From: Eduard - Gabriel Munteanu
Date: Tuesday, August 19, 2008 - 10:43 am

Corrected the ABI description and the kmemtrace usage guide. Thanks to
Randy Dunlap for noticing these errors.

Signed-off-by: Eduard - Gabriel Munteanu <eduard.munteanu@linux360.ro>
---
 Documentation/ABI/testing/debugfs-kmemtrace |    2 +-
 Documentation/vm/kmemtrace.txt              |    2 +-
 2 files changed, 2 insertions(+), 2 deletions(-)

diff --git a/Documentation/ABI/testing/debugfs-kmemtrace b/Documentation/ABI/testing/debugfs-kmemtrace
index a5ff9a6..5e6a92a 100644
--- a/Documentation/ABI/testing/debugfs-kmemtrace
+++ b/Documentation/ABI/testing/debugfs-kmemtrace
@@ -63,7 +63,7 @@ Adding new data to the packet (features) is done at the end of the mandatory
 data:
 	Feature size	(2 byte)
 	Feature ID	(1 byte)
-	Feature data	(Feature size - 4 bytes)
+	Feature data	(Feature size - 3 bytes)
 
 
 Users:
diff --git a/Documentation/vm/kmemtrace.txt b/Documentation/vm/kmemtrace.txt
index 75360b1..f656cac 100644
--- a/Documentation/vm/kmemtrace.txt
+++ b/Documentation/vm/kmemtrace.txt
@@ -61,7 +61,7 @@ III. Quick usage guide
 ======================
 
 1) Get a kernel that supports kmemtrace and build it accordingly (i.e. enable
-CONFIG_KMEMTRACE and CONFIG_DEFAULT_ENABLED).
+CONFIG_KMEMTRACE and CONFIG_KMEMTRACE_DEFAULT_ENABLED).
 
 2) Get the userspace tool and build it:
 $ git-clone git://repo.or.cz/kmemtrace-user.git		# current repository
-- 
1.5.6.1

--

From: Pekka Enberg
Date: Tuesday, August 19, 2008 - 12:10 pm

Applied, thanks!
--

From: Pekka Enberg
Date: Tuesday, August 19, 2008 - 12:10 pm

Applied, thanks!
--

From: Christoph Lameter
Date: Tuesday, August 19, 2008 - 11:14 am

Could you get rid of the casts by changing the type of parameter of slab_alloc()?

--

From: Eduard - Gabriel Munteanu
Date: Tuesday, August 19, 2008 - 11:24 am

I just looked at it and it isn't a trivial change. slab_alloc() calls
other functions which expect a void ptr. Even if slab_alloc() were to
take an unsigned long and then cast it to a void ptr, other functions do
call slab_alloc() with void ptr arguments (so the casts would move
there).

I'd rather have this merged as it is and change things later, so that
kmemtrace gets some testing from Pekka and others. 

--

From: Christoph Lameter
Date: Tuesday, August 19, 2008 - 11:56 am

Well maybe this patch will do it then:

Subject: slub: Use _RET_IP and use "unsigned long" for kernel text addresses

Use _RET_IP_ instead of buildint_return_address() and make slub use unsigned long
instead of void * for addresses.

Signed-off-by: Christoph Lameter <cl@linux-foundation.org>

---
 mm/slub.c |   46 +++++++++++++++++++++++-----------------------
 1 file changed, 23 insertions(+), 23 deletions(-)

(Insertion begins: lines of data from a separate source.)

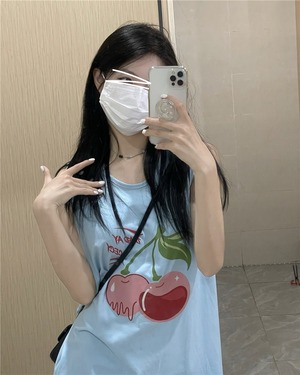 【韓国通販 dgo】3colors オーバーサイズプリントTシャツ ベージュ/ブルー/ブラック(W2788)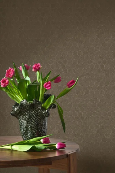 Jako včelí plástev - dokonalé šestiúhelníkové struktury - vzor Meli vesele bzučí na stěnách. Designu zdůrazňuje čistotu.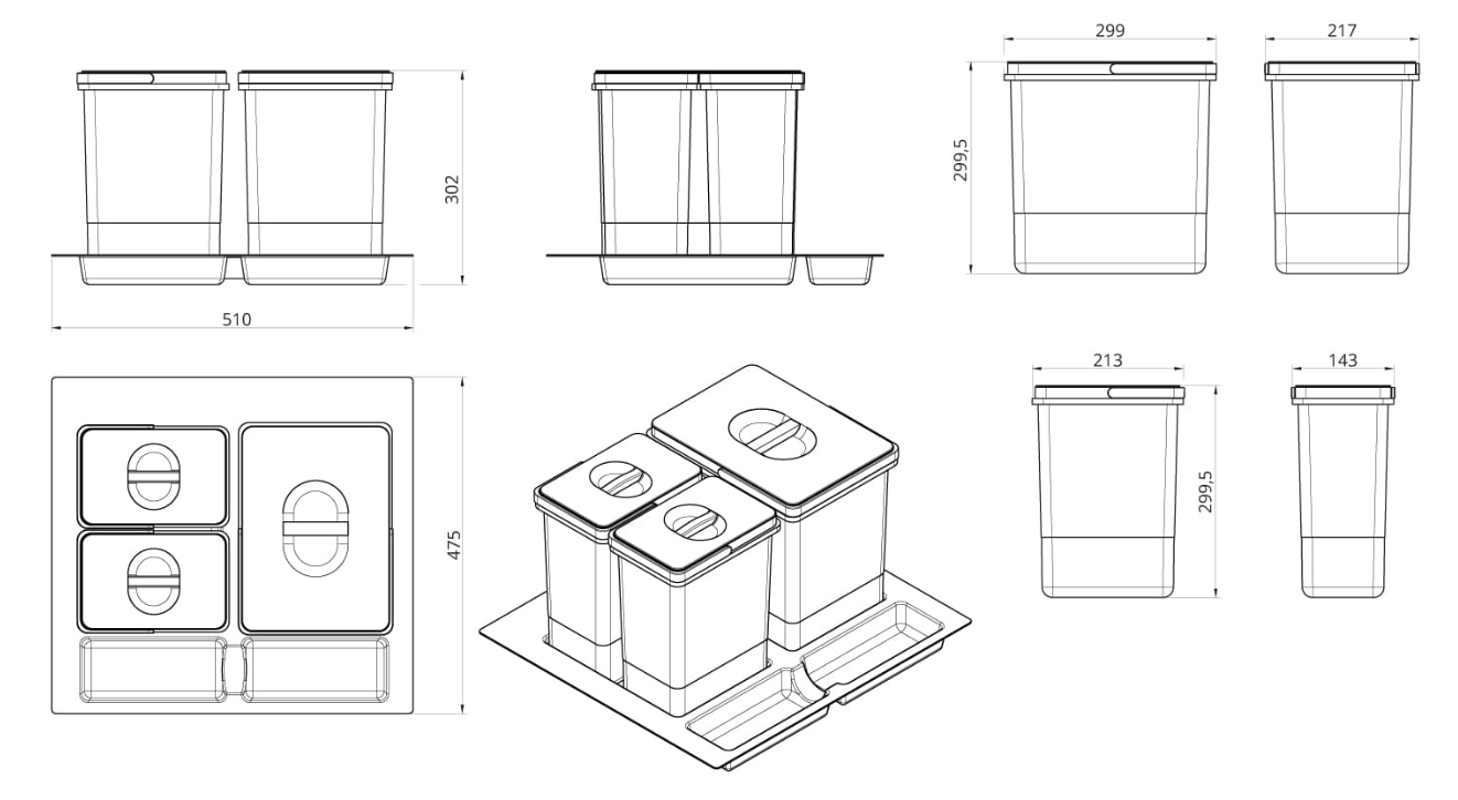 Atkritumu konteineris WS-500 1x15l, 2x7l, ar paplāti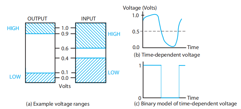 在现实世界中,信息变量由物理量表示;而在数字系统中,我们往往取这些变量的离散值——而二进制 (binary) 值是最流行的表示方法,它可以表示物理量的值或值的范围。它通常被表示为:

Index: linux-2.6/mm/slub.c
===================================================================
--- linux-2.6.orig/mm/slub.c	2008-08-19 11:40:52.332357770 -0700
+++ linux-2.6/mm/slub.c	2008-08-19 11:52:17.479064425 -0700
@@ -177,7 +177,7 @@ static LIST_HEAD(slab_caches);
  * Tracking user of a slab.
  */
 struct track {
-	void *addr;		/* Called from address */
+	unsigned long addr;	/* Called from address */
 	int cpu;		/* Was running on cpu */
 	int pid;		/* Pid context */
 	unsigned long when;	/* When did the operation occur */
@@ -366,7 +366,7 @@ static struct track *get_track(struct km
 }

 static void set_track(struct kmem_cache *s, void *object,
-				enum track_item alloc, void *addr)
+				enum track_item alloc, unsigned long addr)
 {
 	struct track *p;

@@ -390,8 +390,8 @@ static void init_tracking(struct kmem_ca
 	if (!(s->flags & SLAB_STORE_USER))
 		return;

-	set_track(s, object, TRACK_FREE, NULL);
-	set_track(s, object, TRACK_ALLOC, NULL);
+	set_track(s, object, TRACK_FREE, 0L);
+	set_track(s, object, TRACK_ALLOC, 0L);
 }

 static void print_track(const char *s, struct track *t)
@@ -399,7 +399,7 @@ static void print_track(const char *s, s
 	if (!t->addr)
 		return;

-	printk(KERN_ERR "INFO: %s in %pS age=%lu cpu=%u pid=%d\n",
+	printk(KERN_ERR "INFO: %s in %lxS age=%lu cpu=%u pid=%d\n",
 		s, t->addr, jiffies - t->when, t->cpu, t->pid);
 }

@@ -865,7 +865,7 @@ static void setup_object_debug(struct km
 }

 static int alloc_debug_processing(struct kmem_cache *s, struct page *page,
-						void *object, void *addr)
+						void *object, ...
From: Pekka Enberg
Date: Tuesday, August 19, 2008 - 11:59 am

Heh, heh. I'm happy to take your patch or alternatively you can ACK mine 
(which is slightly different):

http://lkml.org/lkml/2008/8/19/336

--

From: Eduard - Gabriel Munteanu
Date: Tuesday, August 19, 2008 - 12:05 pm

It seems Pekka just submitted something like this. Though I think using 0L
should be replaced with 0UL to be fully correct.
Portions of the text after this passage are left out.